Full time permanent role, reporting to:
Affiliate Medical Director (Direct)
International TA Head (Indirect)
Responsible for:
- Being the single point of accountability for all Affiliate TA activities
- Driving the data generation, establishing and communicating the strategy for the Affiliate TA
- Developing goals and tactics for the Affiliate TA
- Managing resources and budget for the Affiliate TA; forecast accuracy within area of responsibility
- Directing Affiliate Medical Advisors in navigating products through internal governance and external regulatory portals
- Assisting Affiliate Medical Advisors in interactions and communication with external customers, key organizations, and institutions
- Assessing risk and identifying issues, conflicts or gaps across the portfolio
- Hiring, coaching, mentoring and developing staff and team members
- Ensuring Affiliate TA goal accountability
Key Activities:
- Provide leadership and strategic direction to the Affiliate TA staff
- Assist the International Medical Lead in identifying and resolving clinical/scientific issues
- Perform portfolio level risk assessments and prioritization of programs
- Ensure alignment of early-stage strategy with late-stage TA objectives
- Approve Affiliate TA plans, goals, proposals and deliverables, including but not limited to protocols and SOPs for local Amgen Sponsored Trials.

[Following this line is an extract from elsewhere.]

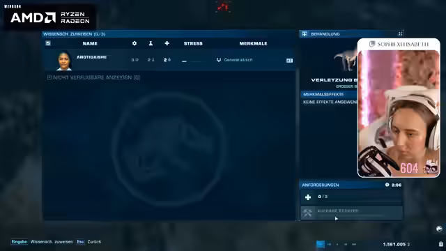 03:04:20Nachdem ein Saurier bei St. Louis gefährlich wird, muss ein Fangteam eingesetzt werden. Sophie stellt fest, dass sie noch keine Wissenschaftler hat und sucht nach geeigneten Mitarbeitern. José Morgan wird trotz hoher Kosten von 162 eingestellt. Nach erfolgreichem Fang von zwei Ankylosaurus wird festgestellt, dass ein Saurier eine unbekannte Krankheit hat. Die Streamerin erkennt, dass sie Forscher benötigt, um die Krankheit zu behandeln.
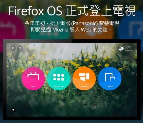 Mozilla 與 Panasonic 合作,以 Firefox OS 打造創新、互動、可自訂的使用者介面,並將於今年春季現身於Panasonic 新款Life+Screen 智慧電視上。透過此次合作,Panasonic 在 2015 年的電視使用者介面將大幅躍進,讓使用者更能輕鬆取得自己最愛的內容,包含網站、電視節目、應用程式,以及其他裝置上的內容。這同時也是 Panasonic 智慧電視首次搭載 Firefox OS ,代表電視螢幕將顯示應用程式所推播的通知,而未來更將擴及各種相容連線裝置的推播通知。

- Chairs AffiliateTA Team meeting
- Foster and improve International collaboration and coordination
- Serve as a key interface to communicate Internationally and Locally important issues and status of programs to Amgen International Research & Development and Affiliate Management
- Partner with the Affiliate Business Unit for all product lifecycle management activities
- Provide input, review, approve the Affiliate lifecycle management plan and ensure alignment across the portfolio
- Provide scientific/clinical oversight for the compilation of regulatory submissions across the portfolio
- Member of the International Development Team (IDT)*
- Member of the International Business Team (IBT)*
- Provide clinical oversight of product safety evaluation within the AffiliateTA
- Provide support and leadership for advisory boards
- Set Affiliate TA goals and dashboards to evaluate performance
- Ensure adequate resources and budget across all programs (study and non-study) and maintain budget accountability
Basic Qualifications Qualifications:
- Medical Degree (MD)
Experience:
- 6 or more years of clinical development experience, 4 years of which should be from a pharmaceutical or biotechnology company
- Clinical research experience
- Broad and formal leadership experience
Knowledge:
- In-depth understanding of the scientific method and clinical applications based on medical, scientific and practical rationale
- In-depth understanding of and proven success in how to conceptualize, design, and conduct complex, global clinical trials
- Medical knowledge in the relevant therapeutic area
- Sound scientific and clinical judgment
- Understanding of regulatory agency organization, guidelines, and practices and ability to negotiate with these groups
- Knowledge of Good Clinical Practices (GCP), EMEA regulations and guidelines, and applicable international regulatory requirements
- Understanding of new drug commercialization and business practices
- Understanding of resourcing and budgeting
- Proven ability to lead, manage, and motivate others in a complex, multi-functional, multi-national matrix environment
- Ability to effectively present ideas and document complex medical/clinical concepts in both written and oral communication
- Demonstrated ability to organize and lead expert Clinical Research Advisory Panels
- History of solving problems while exhibiting superior judgment and a balanced, realistic understanding of issues
Note: Applicants should have work rights in Australia to be considered for this role.
Preferred Qualifications Preferred requirements:
- Post-graduate qualifications in Oncology.
- Industry experience in the Oncology area, with a network of KOL's.